東大入学式の祝辞でネット炎上
2022年4月12日、東京大学の入学式における祝辞が波紋を呼んでいる。
映画監督の河瀨直美氏が「ロシアを悪者にすることは簡単」「悪を存在させることで安心していないだろうか」「一方的な側からの意見に左右されて、本質を見誤っていないだろうか」とロシア擁護と解釈されかねないスピーチがあり、批判が相次いだ。
この発言を受けて、SNSではさまざまな反応があった。
「ロシア軍がウクライナの一般市民を殺戮している一方で、ウクライナ軍は自国の国土で侵略軍を撃退している(中略)この違いを見分けられない人は、人間としての重要な感性の何かが欠けているか、ウクライナ戦争について無知か」(慶應義塾大学・細谷雄一教授)
「侵略戦争を悪と言えない大学なんて必要ないでしょう」(東京大学・池内恵教授)
大学の存在意義への疑問を呈するほど痛烈なものだった。
2019年入学式では、上野千鶴子氏のスピーチで炎上も
東大入学式の祝辞といえば、2019年にフェミニストで東大名誉教授の上野千鶴子氏が行ったスピーチも、ニュースに取り上げられるなどパンチがあった。
「東京医科大学の入試女性差別」や、「男子東大生の私大女子学生への集団暴行事件」など大学関連の女性差別事件を列挙し、「東大生の女性比率は2割以下」「合コンでは男子学生はもてるが女子学生は退かれる」「東大には東大女子が入れず、他大学の女子のみに参加を認める男子サークルがある」などと例示し、「大学に入る時点ですでに隠れた性差別がある」と指摘した。
SNSでは「これを聞いて入学する女性はすごく勇気付けられると思う」という歓迎コメントがある一方、「祝辞で言う内容なのか?」「伝えたいなら自分で講演会主催しろよ」など否定的な声も目立った。
上野氏の指摘するように、東大生の女性率は低い。2021年データで20.7%である。東大は2011年に「2020年までに女性率30%」という目標を掲げ、女性限定の奨学金や家賃補助、女子中高生向け説明会などを行っているが、今なお達成されていない。
しかしながら筆者の体感では、東大の女性率の低さの最大の因子は「東大に残る女性差別」というより「高学力女子高生の医学部集中」ではないだろうか。
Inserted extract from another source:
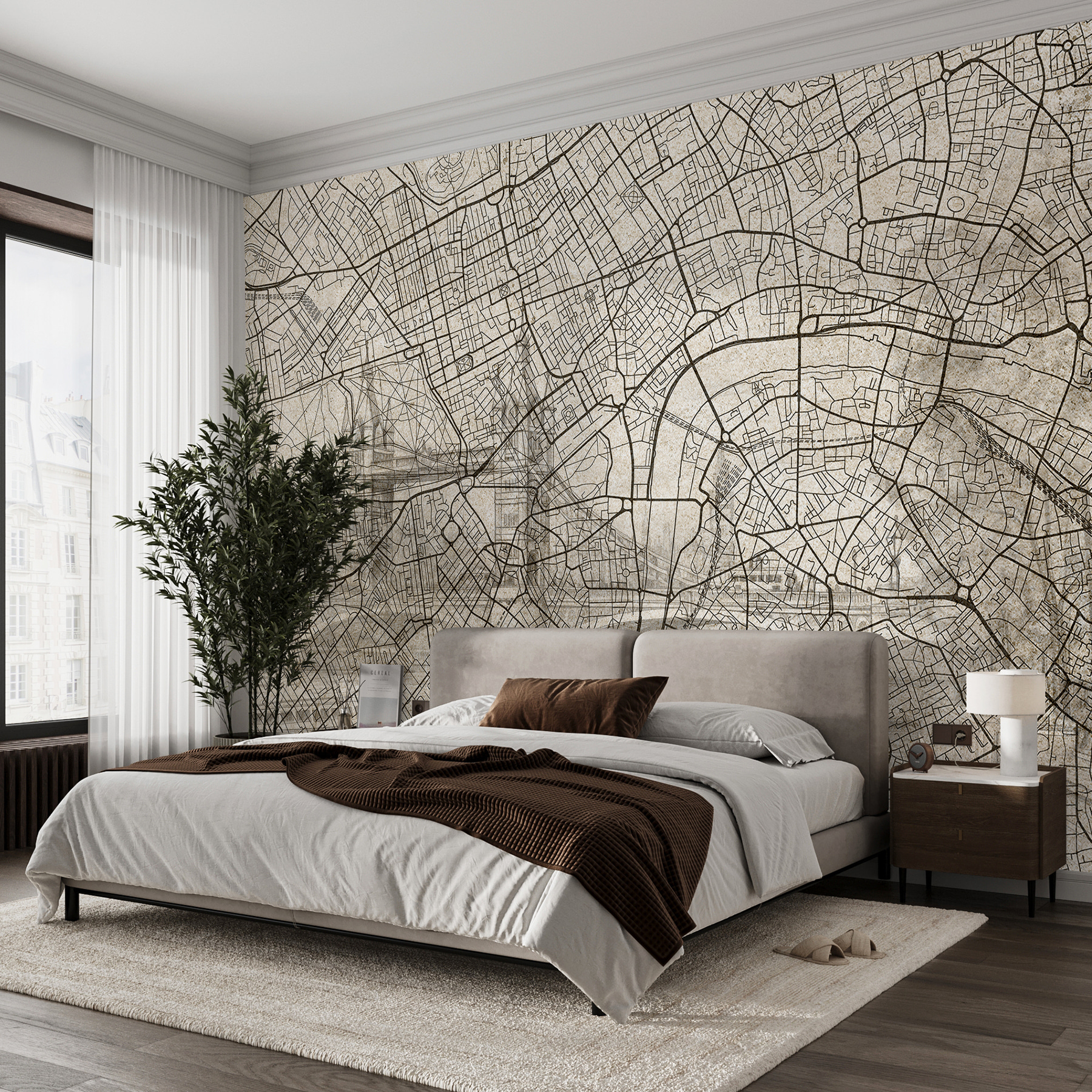 ¿Alguna vez has soñado con que un paisaje urbano se adueñara de tu pared? Este mural “Mapa de una ciudad” es la solución. Es como tener una ventana al mundo sin los molestos billetes de avión. Perfecto para los que adoran pasear, pero también adoran su sofá. Tiene ese encanto vintage -como un viejo mapa de una película de piratas- que da a tu espacio un toque de aventura. Imagínate tomando café, trazando rutas con la mirada y planeando escapadas de ensueño. ¿Quién diría que una pared podría inspirar todo un viaje?

「東大か医学部か」、トップ層高校生ならば一度は悩むものだが、近年は「男は東大/女は医学部」傾向が高い。将来の妊娠・出産を希望する女子学生と保護者は、近年、官僚や大企業総合職のような激務が前提の日本型エリートコースよりも、堅実なライセンス職であり、時短勤務やフリーランスも可能で、出産育児と両立しやすくステータスのある医師を選択することが多い。
2018年に、医大入試での女性受験者などへの減点操作騒動が起きた。その入試改革を経て医大合格者の女性率は増加傾向にある。2021年には過去最高の41.1%に至った。また、2022年の東大理科三類の合格者トップは、開成や灘といった名門男子校ではなく、桜蔭高校(東京都内の私立女子高)の13人だった。女子高首位は史上初だが、「桜蔭生が頑張った」というより、近年のIT産業の発展や国際化を受けて、男子トップ層が理工系や海外大に流出している影響だろう。
河瀨も上野氏も、東大祝辞という大舞台だからこそ、自身の問題意識や思いのたけを世間にアピールできるチャンスと思ったのだろうが、入学式の主役は新入生であり来賓ではないのだ。